• Task instructions: Starting at the line that contains "Lacivert ve gri" and stopping at the line that contains "מטפחת מבד כותנה", restate each line of the records below exactly. Omit the pictures.

• Input data:
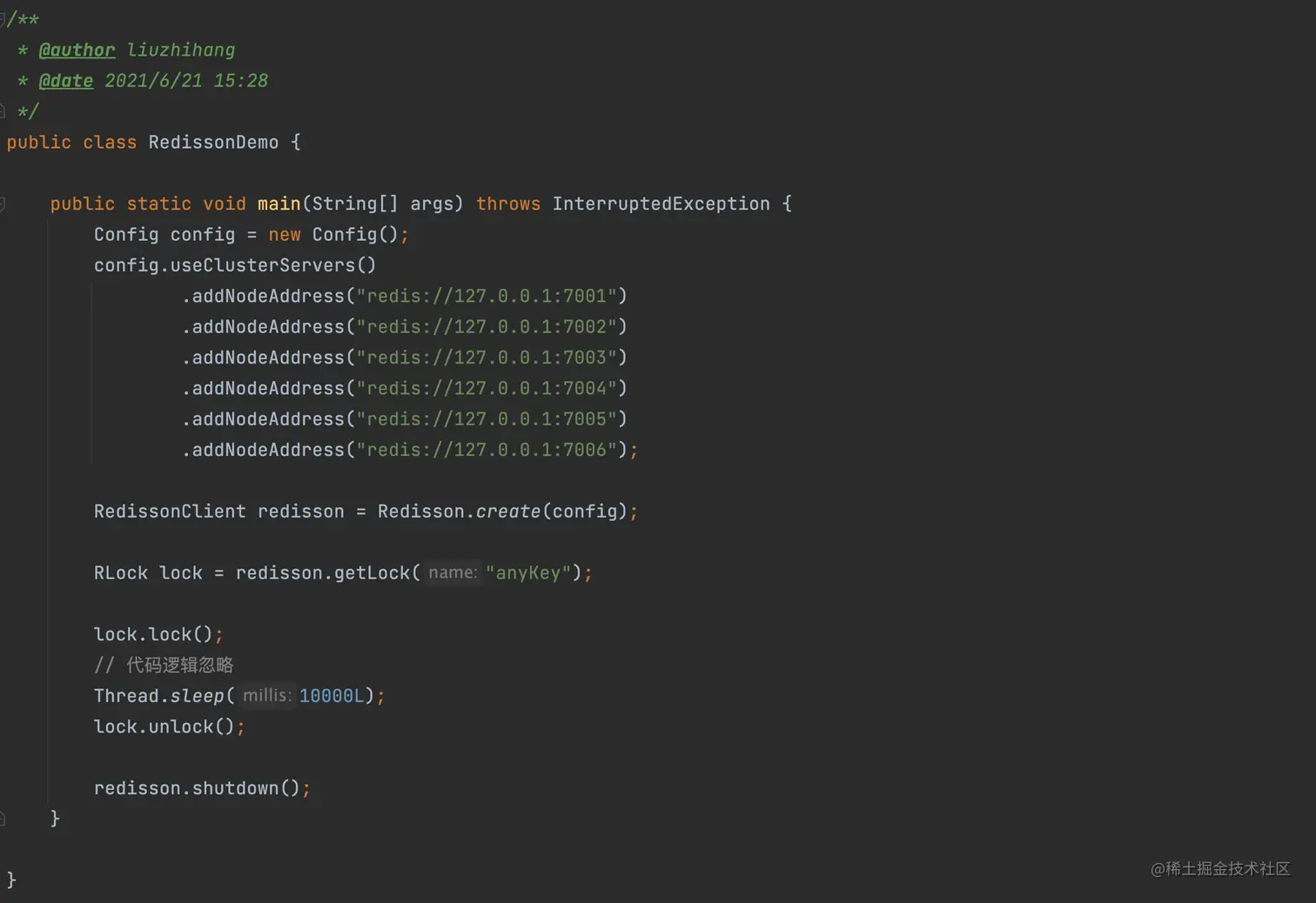 - ARGV[2]:getLockName(threadId),是 UUID 和线程 id 拼接起来的字符串,比如 931573de-903e-42fd-baa7-428ebb7eda80:1。
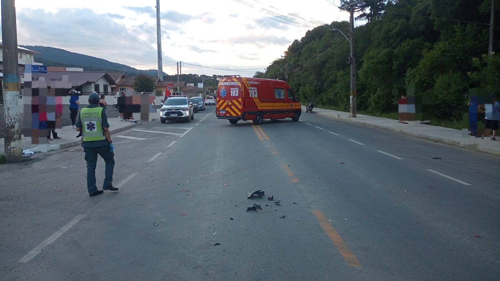 A ocorrência foi atendida pelo Corpo de Bombeiros Militar de Urubici, com a viatura ASU-481. No local, a guarnição confirmou que se tratava de uma colisão traseira entre uma motocicleta e um automóvel Fiat Siena, de cor prata.
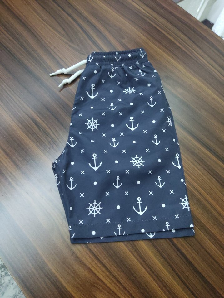 Lacivert ve gri denizci desenli, bol kesim ve elastik bel bantlı erkek mini deniz şortu. 5 6yas uygundur
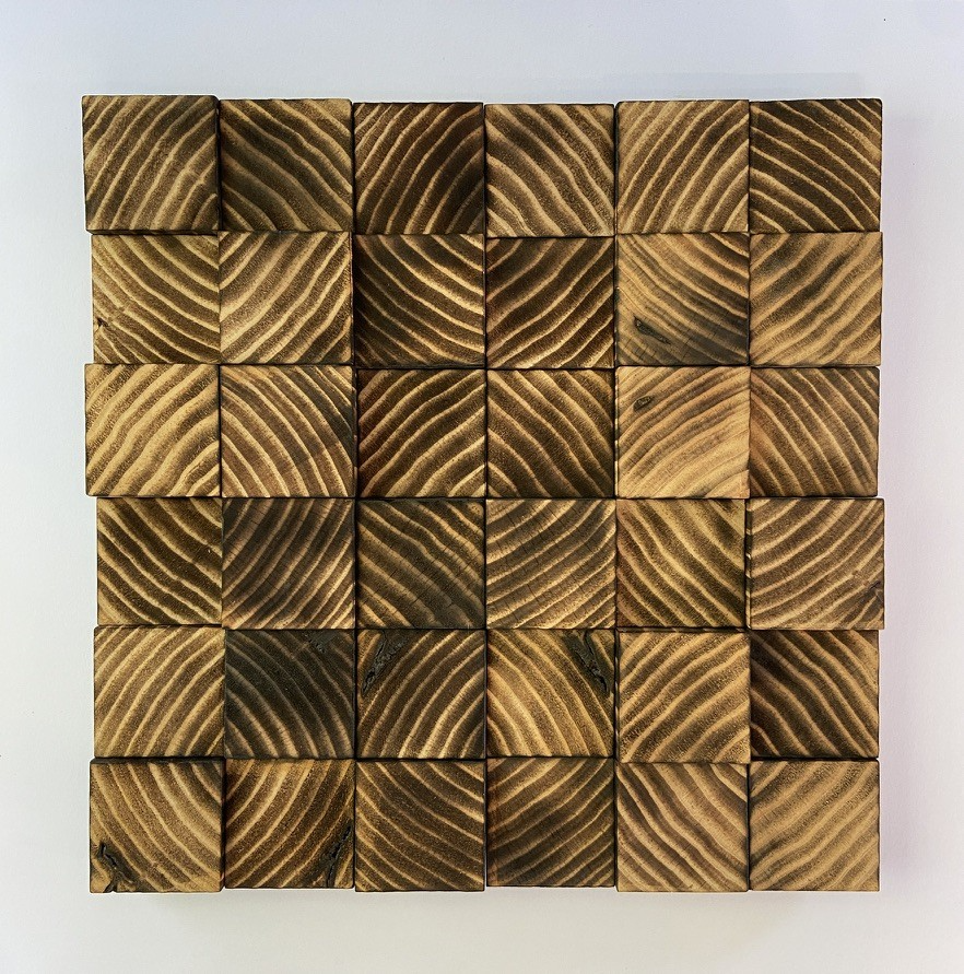Birte Larsen, End Grain , 2025, Charred pine on birch ply, 39 x 39 x 3.5cm
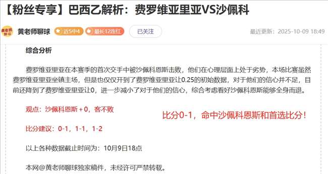 黄老师致力于研究各大赛事数据,拥有自己独创的数据模型,挑选的每场比赛都精心研究,我们以长线为主,长期效益非常不错,适合持续关注,保持一个好心态,我们一起共同进步!以下解锁内容包含:综合分析+观点方向+比分预测
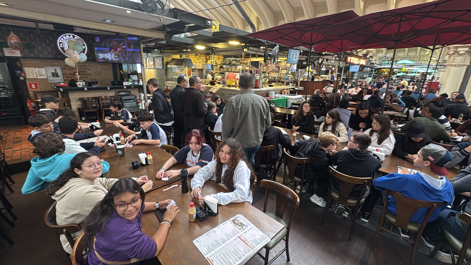 Em seguida, o grupo conheceu o Mercadão Municipal de São Paulo, um dos pontos turísticos mais tradicionais da capital. Além de almoçar no local, os alunos puderam reconhecer a importância histórica e cultural do espaço, experimentar pratos típicos da região e provar o famoso lanche de mortadela, símbolo da gastronomia paulistana. A viagem foi concluída com a visita ao Museu da Língua Portuguesa, onde os estudantes fizeram uma imersão na história, na diversidade e nas transformações do idioma falado no Brasil. De acordo com a professora Ma. Karina de Oliveira, a experiência foi enriquecedora.
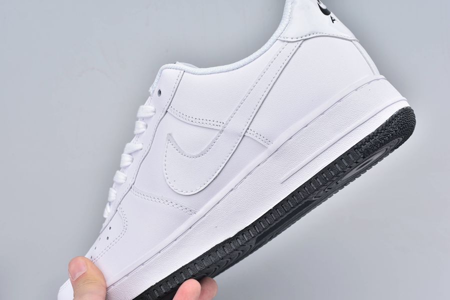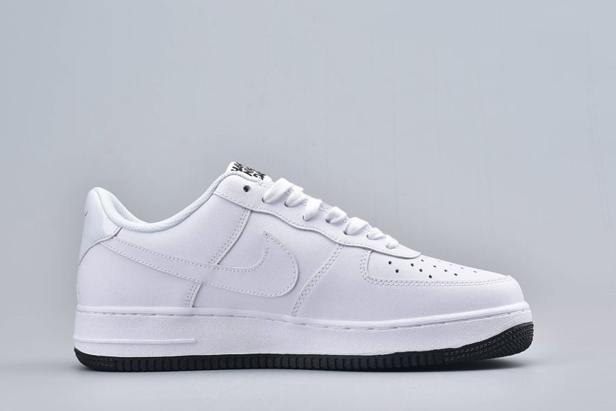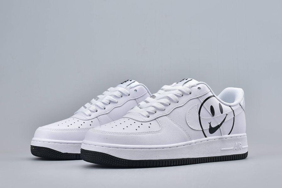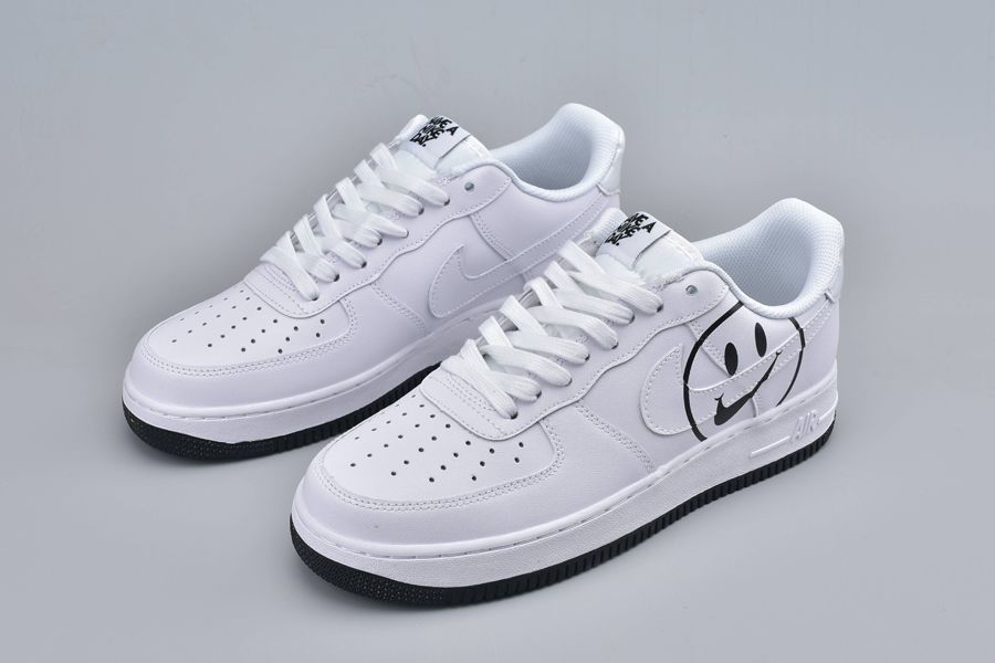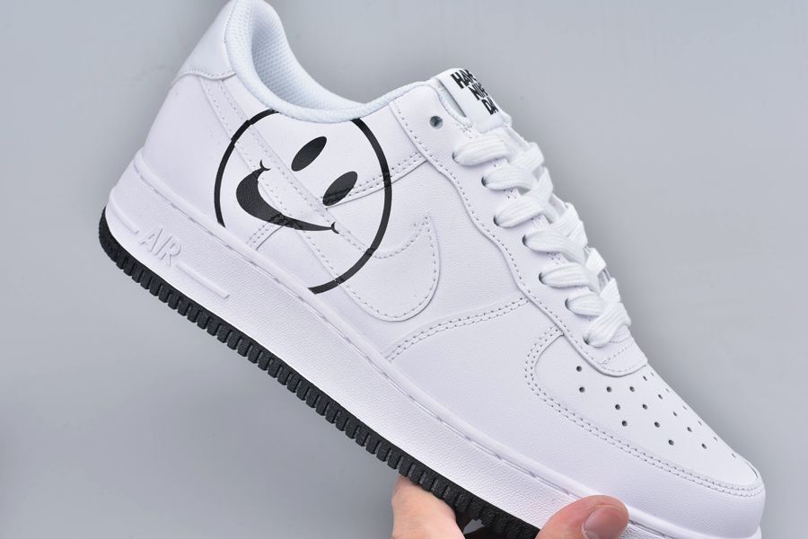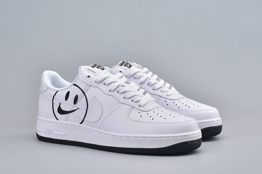 The Air Force 1 Have a Nike Day White is dressed from a slew of premium materials. Doused in an ultra clean white hue, an all white full length Air unit sits below for endless comfort and a smoother stride. To complete the design, a contrasting rubber outsole sits below in black as well as a smiley face on the lateral sides.
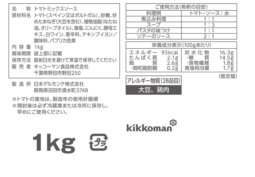 - デルモンテ トマト・ソース濃厚タイプ 1kg
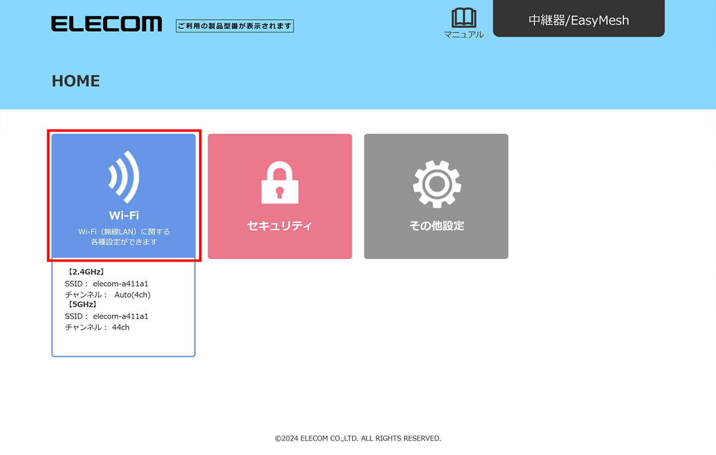 ①設定画面のHOME画面から「Wi-Fi」−「EasyMesh」を選択します。
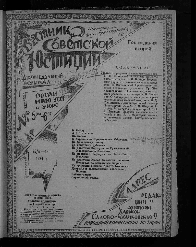 Вестник советской юстиции. 1924, № 5 (15) / 6 (16)
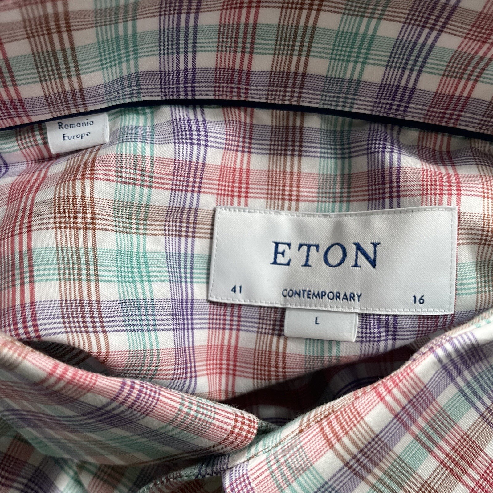 NWT Eton Mens Contemporary Fit Plaid Cotton Shirt Pink/Red Multi Size LG 41/16
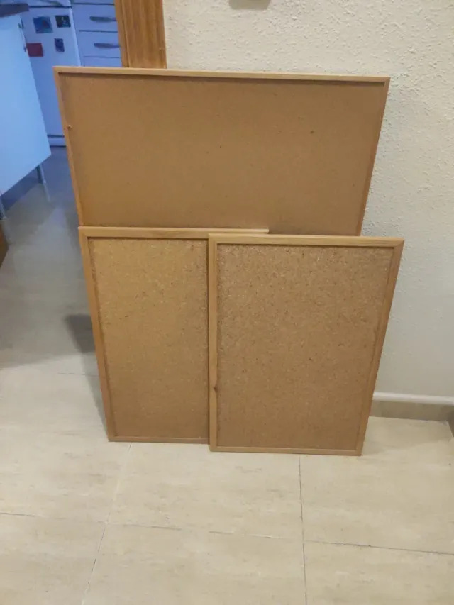 Detalles del productoConjunto de tres tableros de corcho con marcos de madera.
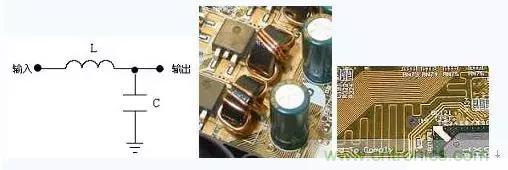 在 線路板電源部分的電感一般是由線徑非常粗的漆包線環繞在涂有各種顏色的圓形磁芯上。而且附近一般有幾個高大的濾波鋁電解電容,這二者組成的就是上述的 LC濾波電路。另外,線路板還大量采用“蛇行線+貼片鉭電容”來組成LC電路,因為蛇行線在電路板上來回折行,也可以看作一個小電感。
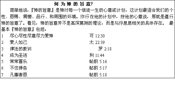 【新生活】(39)明白神的旨意 『不要效法这个世界,只要心意更新而变化,叫你们察验何为神的善良、纯全、可喜悦的旨意。』罗12:2 |
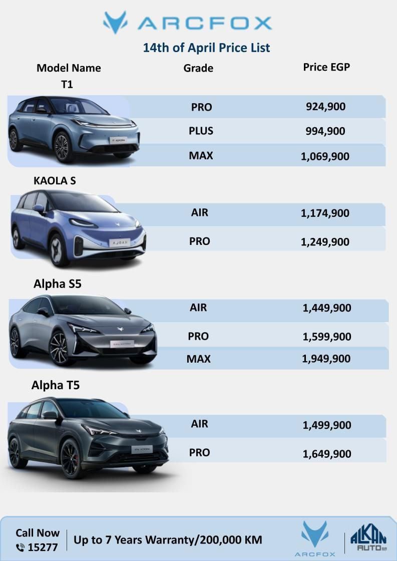 الأحد، 12 أبريل 2026 03:11 مكشفت شركة ألكان أوتو الوكيل الرسمي لعلامة "أرك فوكس" الكهربائية عن أحدث قائمة سعرية لطرازاتها المتنوعة بزيادات تصل إلي 70 ألف جنيه، وإليكم أبرز التفاصيل وهي كالآتي:
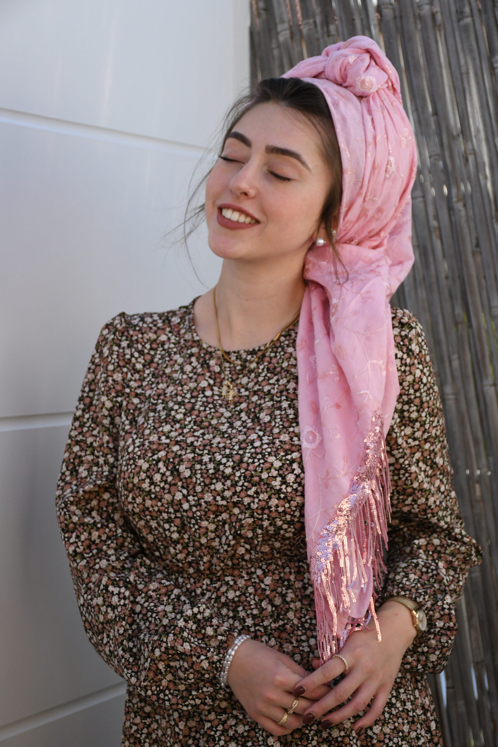 מטפחת מבד כותנה עם רקמת פייטים יוקרתית, כזאת שכיף לקשור ומקפציה כל הופעה!
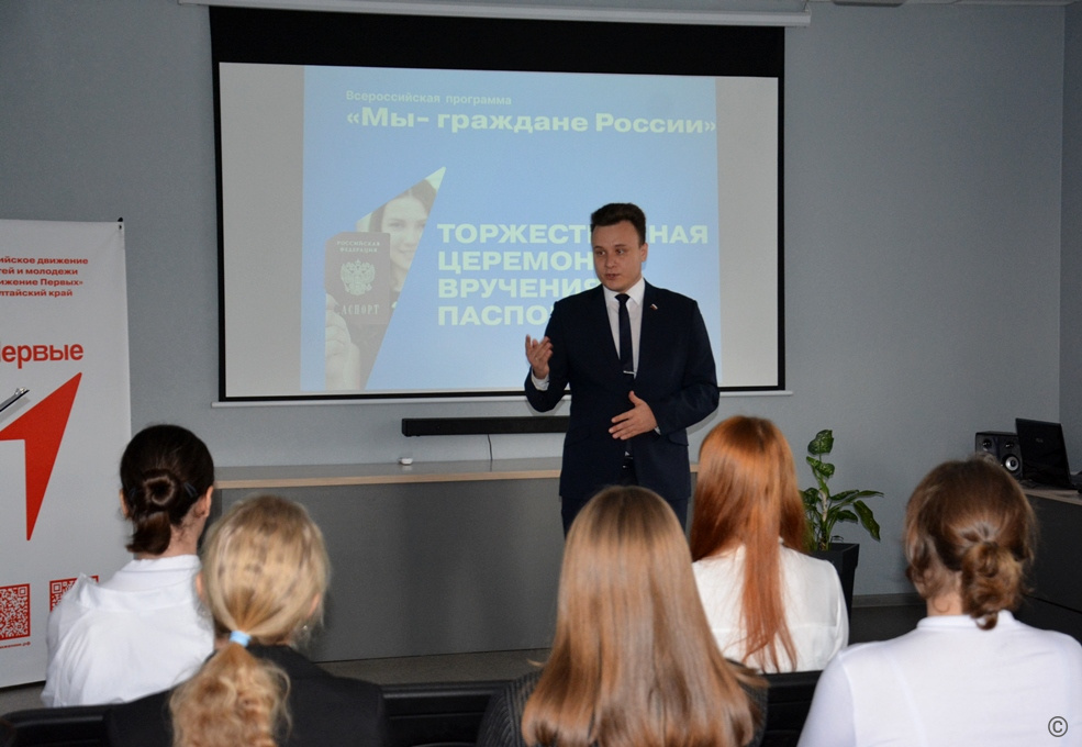 В торжественной обстановке депутат Барнаульской городской Думы Николай Савинский и специалист по организации работы в г. Барнауле регионального отделения Общероссийского общественно-государственного движения детей и молодежи «Движение Первых» Алтайского края Наталья Антипова вручили 14 юным барнаульцам главный в жизни документ.
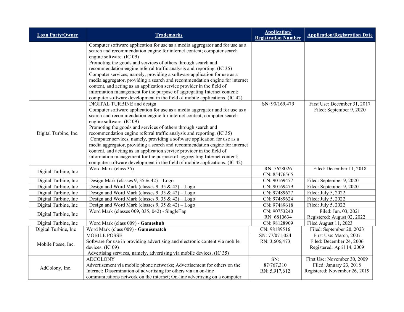 Loan Party/Owner Trademarks Application/ Registration Number Application/Registration Date Computer software application for use as a media aggregator and for use as a search and recommendation engine for internet content; computer search engine software. (IC 09) Promoting the goods and services of others through search and recommendation engine referral traffic analysis and reporting. (IC 35) Computer services, namely, providing a software application for use as a media aggregator, providing a search and recommendation engine for internet content, and acting as an application service provider in the field of information management for the purpose of aggregating Internet content; computer software development in the field of mobile applications. (IC 42) Digital Turbine, Inc. DIGITAL TURBINE and design Computer software application for use as a media aggregator and for use as a search and recommendation engine for internet content; computer search engine software. (IC 09) Promoting the goods and services of others through search and recommendation engine referral traffic analysis and reporting. (IC 35) Computer services, namely, providing a software application for use as a media aggregator, providing a search and recommendation engine for internet content, and acting as an application service provider in the field of information management for the purpose of aggregating Internet content; computer software development in the field of mobile applications. (IC 42) SN: 90/169,479 First Use: December 31, 2017 Filed: September 9, 2020 Digital Turbine, Inc Word Mark (class 35) RN: 5628026 CN: 85476565 Filed: December 11, 2018 Digital Turbine, Inc Design Mark (classes 9, 35 & 42) – Logo CN: 90169477 Filed: September 9, 2020 Digital Turbine, Inc Design and Word Mark (classes 9, 35 & 42) – Logo CN: 90169479 Filed: September 9, 2020 Digital Turbine, Inc Design and Word Mark (classes 9, 35 & 42) – Logo CN: 97489627 Filed: July 5, 2022 Digital Turbine, Inc Design and Word Mark (classes 9, 35 & 42) – Logo CN: 97489624 Filed: July 5, 2022 Digital Turbine, Inc Design and Word Mark (classes 9, 35 & 42) – Logo CN: 97489618 Filed: July 5, 2022 Digital Turbine, Inc Word Mark (classes 009, 035, 042) - SingleTap CN: 90753240 RN: 6810634 Filed: Jun. 03, 2021 Registered: August 02, 2022 Digital Turbine, Inc Word Mark (class 009) - Gameshub CN: 98128909 Filed August 11, 2023 Digital Turbine, Inc Word Mark (class 009) - Gamesmatch CN: 98189516 Filed: September 20, 2023 Mobile Posse, Inc. MOBILE POSSE Software for use in providing advertising and electronic content via mobile devices. (IC 09) Advertising services, namely, advertising via mobile devices. (IC 35) SN: 77/071,024 RN: 3,606,473 First Use: March, 2007 Filed: December 24, 2006 Registered: April 14, 2009 AdColony, Inc. ADCOLONY Advertisement via mobile phone networks; Advertisement for others on the Internet; Dissemination of advertising for others via an on-line communications network on the internet; On-line advertising on a computer SN: 87/767,310 RN: 5,917,612 First Use: November 30, 2009 Filed: January 23, 2018 Registered: November 26, 2019
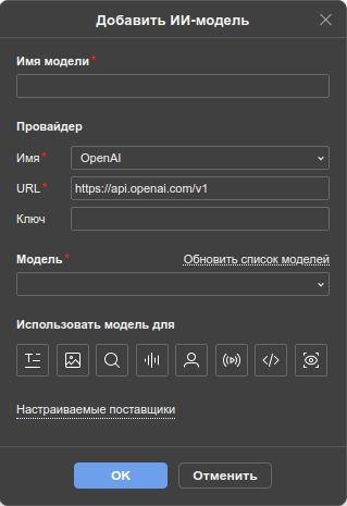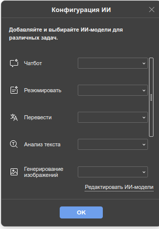 Поддерживается использование ИИ-агента.

• Output of the task:
 Lacivert ve gri denizci desenli, bol kesim ve elastik bel bantlı erkek mini deniz şortu. 5 6yas uygundur
Birte Larsen, End Grain , 2025, Charred pine on birch ply, 39 x 39 x 3.5cm
 黄老师致力于研究各大赛事数据,拥有自己独创的数据模型,挑选的每场比赛都精心研究,我们以长线为主,长期效益非常不错,适合持续关注,保持一个好心态,我们一起共同进步!以下解锁内容包含:综合分析+观点方向+比分预测
 Em seguida, o grupo conheceu o Mercadão Municipal de São Paulo, um dos pontos turísticos mais tradicionais da capital. Além de almoçar no local, os alunos puderam reconhecer a importância histórica e cultural do espaço, experimentar pratos típicos da região e provar o famoso lanche de mortadela, símbolo da gastronomia paulistana. A viagem foi concluída com a visita ao Museu da Língua Portuguesa, onde os estudantes fizeram uma imersão na história, na diversidade e nas transformações do idioma falado no Brasil. De acordo com a professora Ma. Karina de Oliveira, a experiência foi enriquecedora.
 The Air Force 1 Have a Nike Day White is dressed from a slew of premium materials. Doused in an ultra clean white hue, an all white full length Air unit sits below for endless comfort and a smoother stride. To complete the design, a contrasting rubber outsole sits below in black as well as a smiley face on the lateral sides.
 - デルモンテ トマト・ソース濃厚タイプ 1kg
 ①設定画面のHOME画面から「Wi-Fi」−「EasyMesh」を選択します。
 Вестник советской юстиции. 1924, № 5 (15) / 6 (16)
 NWT Eton Mens Contemporary Fit Plaid Cotton Shirt Pink/Red Multi Size LG 41/16
 Detalles del productoConjunto de tres tableros de corcho con marcos de madera.
 在 線路板電源部分的電感一般是由線徑非常粗的漆包線環繞在涂有各種顏色的圓形磁芯上。而且附近一般有幾個高大的濾波鋁電解電容,這二者組成的就是上述的 LC濾波電路。另外,線路板還大量采用“蛇行線+貼片鉭電容”來組成LC電路,因為蛇行線在電路板上來回折行,也可以看作一個小電感。
 【新生活】(39)明白神的旨意 『不要效法这个世界,只要心意更新而变化,叫你们察验何为神的善良、纯全、可喜悦的旨意。』罗12:2 |
 الأحد، 12 أبريل 2026 03:11 مكشفت شركة ألكان أوتو الوكيل الرسمي لعلامة "أرك فوكس" الكهربائية عن أحدث قائمة سعرية لطرازاتها المتنوعة بزيادات تصل إلي 70 ألف جنيه، وإليكم أبرز التفاصيل وهي كالآتي:
 מטפחת מבד כותנה עם רקמת פייטים יוקרתית, כזאת שכיף לקשור ומקפציה כל הופעה!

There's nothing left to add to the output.